* TASK STATEMENT
Scan the entries that follow and work out how many lines contain "from". Give the number and nothing else.
----------------------------------------
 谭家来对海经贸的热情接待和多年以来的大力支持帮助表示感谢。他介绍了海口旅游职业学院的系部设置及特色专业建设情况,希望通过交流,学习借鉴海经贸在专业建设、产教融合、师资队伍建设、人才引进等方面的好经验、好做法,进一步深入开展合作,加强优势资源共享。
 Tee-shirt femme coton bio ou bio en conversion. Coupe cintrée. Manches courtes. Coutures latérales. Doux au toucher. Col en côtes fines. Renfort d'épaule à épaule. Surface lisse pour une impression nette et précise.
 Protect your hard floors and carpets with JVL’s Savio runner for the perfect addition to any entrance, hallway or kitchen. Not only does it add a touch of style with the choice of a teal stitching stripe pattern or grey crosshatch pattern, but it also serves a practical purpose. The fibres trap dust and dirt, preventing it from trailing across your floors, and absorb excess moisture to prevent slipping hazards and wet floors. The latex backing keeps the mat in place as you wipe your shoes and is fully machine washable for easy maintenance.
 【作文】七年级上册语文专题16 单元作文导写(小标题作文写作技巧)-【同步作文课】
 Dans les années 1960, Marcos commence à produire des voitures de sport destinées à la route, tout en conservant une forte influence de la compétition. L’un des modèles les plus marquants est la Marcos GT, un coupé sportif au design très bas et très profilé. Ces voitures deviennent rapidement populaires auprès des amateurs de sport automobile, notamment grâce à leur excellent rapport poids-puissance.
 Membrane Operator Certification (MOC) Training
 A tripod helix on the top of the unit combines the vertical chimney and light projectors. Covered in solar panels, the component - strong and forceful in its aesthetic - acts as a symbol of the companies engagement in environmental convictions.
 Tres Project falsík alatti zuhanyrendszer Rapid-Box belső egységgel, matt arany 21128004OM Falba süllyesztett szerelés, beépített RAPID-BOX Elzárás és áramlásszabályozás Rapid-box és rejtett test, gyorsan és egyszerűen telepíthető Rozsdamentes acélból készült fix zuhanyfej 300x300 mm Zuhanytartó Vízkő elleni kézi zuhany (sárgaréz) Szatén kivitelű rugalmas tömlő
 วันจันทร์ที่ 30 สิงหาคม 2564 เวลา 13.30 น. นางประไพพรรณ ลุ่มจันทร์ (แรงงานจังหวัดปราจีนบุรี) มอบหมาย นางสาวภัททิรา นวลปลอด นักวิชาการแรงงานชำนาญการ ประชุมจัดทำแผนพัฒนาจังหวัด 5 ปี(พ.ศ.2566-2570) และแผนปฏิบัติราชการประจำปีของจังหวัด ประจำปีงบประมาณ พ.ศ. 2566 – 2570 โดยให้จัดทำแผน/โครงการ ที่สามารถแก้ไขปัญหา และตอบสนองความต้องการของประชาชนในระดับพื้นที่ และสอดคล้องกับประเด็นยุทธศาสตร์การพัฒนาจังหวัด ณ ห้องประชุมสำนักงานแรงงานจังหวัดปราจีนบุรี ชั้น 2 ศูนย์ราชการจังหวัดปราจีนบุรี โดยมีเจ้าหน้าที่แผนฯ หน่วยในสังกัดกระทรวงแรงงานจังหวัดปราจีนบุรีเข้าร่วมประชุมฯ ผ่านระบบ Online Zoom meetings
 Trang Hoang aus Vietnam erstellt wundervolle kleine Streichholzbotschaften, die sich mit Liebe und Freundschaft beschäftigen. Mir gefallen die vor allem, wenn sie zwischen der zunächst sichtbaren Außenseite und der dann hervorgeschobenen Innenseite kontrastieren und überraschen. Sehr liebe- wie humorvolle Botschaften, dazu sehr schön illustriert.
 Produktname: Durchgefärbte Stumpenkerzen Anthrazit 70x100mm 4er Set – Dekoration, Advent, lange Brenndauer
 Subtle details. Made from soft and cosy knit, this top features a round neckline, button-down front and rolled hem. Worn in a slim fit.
----------------------------------------
* YOUR SOLUTION
2